The necking correction start position LIS and end position Llf are determined by the following equations, where L is the length of the strip before finish rolling.

Las = (Lo.- - Ll1.-
) ・LmLst= (Lo.y+ +
Lo. m) - Increase the edger opening S of the edger 2 by ΔS between Lll and Lllf from the tip of the strip 3 before Lll rolling to widen the width. Here, ΔS may be determined by the following formula from the predicted necking amount ΔWf and the esher plate width adjustment efficiency η.

η As shown in FIG. 4, by widening the edger opening degree S by ΔS in accordance with the predicted necking position LO+1%, the width reduction amount becomes smaller, and the strip width immediately after exiting the stand 1 becomes wider accordingly.

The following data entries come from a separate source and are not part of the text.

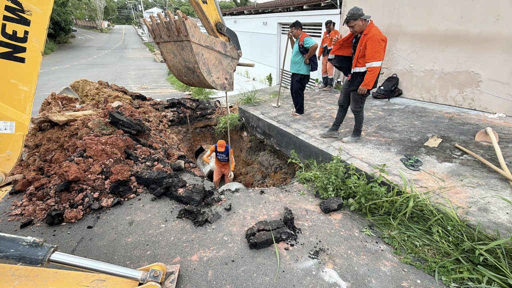 A equipe da Seminf identificou a abertura de um buraco na pista, o grande volume das águas das chuvas provocou a fuga de material do rompimento da tubulação. Após a escavação para fazer a remoção dos tubos danificados, uma nova estrutura foi implantada, garantindo mais segurança e durabilidade.
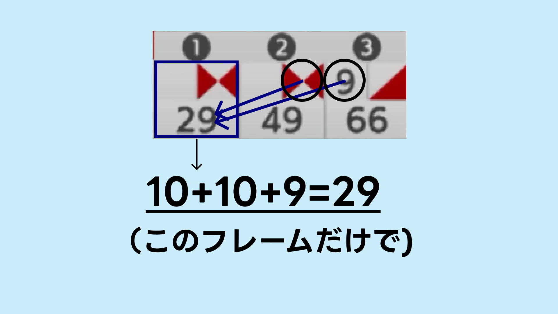 なぜなら、スペアを取ると、次のフレームの1投目に倒したピンの数がボーナスとして反映されるからです。.png)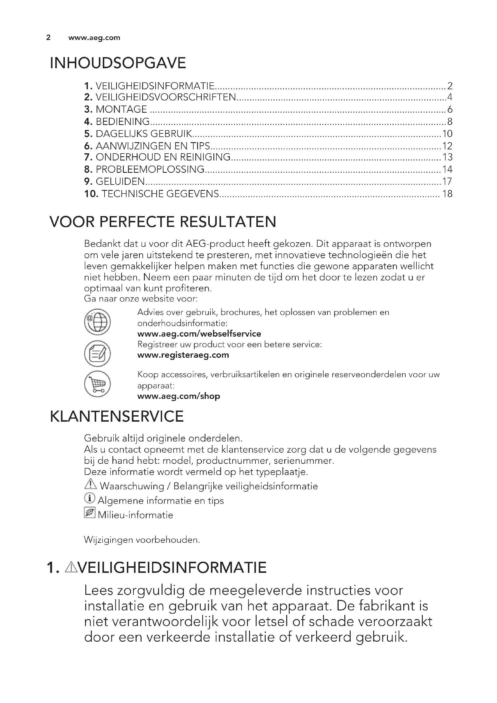 Bedankt dat u voor dit AEG-product heeft gekozen. Dit apparaat is ontworpen om vele jaren uitstekend te presteren, met innovatieve technologieën die het leven gemakkelijker helpen maken met functies die gewone apparaten wellicht niet hebben. Neem een paar minuten de tijd om het door te lezen zodat u er optimaal van kunt profiteren. Ga naar onze website voor: Advies over gebruik, brochures, het oplossen van problemen en onderhoudsinformatie: www.aeg.com/webselfservice Registreer uw product voor een betere service: www.registeraeg.com Koop accessoires, verbruiksartikelen en originele reserveonderdelen voor uw apparaat: www.aeg.com/shop KLANTENSERVICE Gebruik altijd originele onderdelen. Als u contact opneemt met de klantenservice zorg dat u de volgende gegevens bij de hand hebt: model, productnummer, serienummer. Deze informatie wordt vermeld op het typeplaatje. Waarschuwing / Belangrijke veiligheidsinformatie Algemene informatie en tips Milieu-informatie Wijzigingen voorbehouden.

(Figure 4(b)). Therefore, even if necking occurs at the predicted necking position Wto, - during winding, the strip width at the narrow portion will not become narrower than the target finished width, and the required strip width can be secured.

〔effect〕

As explained above, according to the present invention, the position where necking occurs can be accurately predicted based on the measured value of the transformation rate, regardless of whether or not necking occurs, and the length of necking that occurs there and the amount of necking can be predicted with accuracy. Therefore, excellent effects such as reducing the range of the widened portion and improving product yield can be achieved.

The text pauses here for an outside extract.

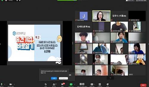 ½ÅÁ¾ Äڷγª¹ÙÀÌ·¯½º °¨¿°Áõ(Äڷγª19) È®»ê ¹æÁö¸¦ À§ÇØ È»óȸÀÇ Ç÷§Æû ÁÜ(ZOOM)À» Ȱ¿ëÇÑ Çü½ÄÀ¸·Î ºñ´ë¸é ½Ç½Ã°£ °ÀÇ·Î ÀÌ·ç¾îÁ³À¸¸ç, ÃÑ 82¸íÀÇ ÇлýÀÌ Âü¿©ÇÏ¿© ¡âÁß°ß±â¾÷¿¡ ´ëÇÑ ¿Ã¹Ù¸¥ ÀÌÇØ ¡âÁß°ß±â¾÷ Ž»ö ¡âÁß°ß±â¾÷ Ãë¾÷Àü·« ¡â´Ù¾çÇÑ Job-Portal Á¤º¸ µîÀ» °øÀ¯ÇÏ¿´´Ù.

[Brief explanation of the drawing]

FIG. 1 is a schematic diagram showing the configuration of a hot rolling finishing line to which the hot rolling necking prevention method according to the present invention is applied;
Figure 2 is a cross-sectional view taken along line nn in Figure 1 showing the configuration of the transformation rate sensor, Figure 3 is a graph showing the relationship between strip position, strip temperature, transformation rate and yield stress, and Figure 4 is widening. A graph explaining the method, FIG. 5, is a graph showing the relationship between temperature and yield stress of carbon steel. 1... Stand 2... Edger 3... Strip 7... Metamorphosis rate sensor 9... Calculator 10...
・Rewinder patent applicant Sumitomo Metal Industries Co., Ltd. Agent Patent attorney Noboru Kono Zuzu

Claims (1)

[Claims] 1. Predicting the position and amount of change in local cross-sectional dimensions due to necking caused by tension generated when a steel material rolled in a rolling mill is rolled up using a model formula,
In the hot rolling necking prevention method of preventing necking by changing the cross-sectional dimension in advance by an amount corresponding to the amount of change at the change position, A metamorphosis rate sensor that detects a certain metamorphosis rate is provided, and a necking occurrence position is estimated based on the metamorphosis rate,
A method for preventing necking in hot rolling, comprising correcting a model formula based on the estimation result and predicting a change position and amount of change in the cross-sectional dimension.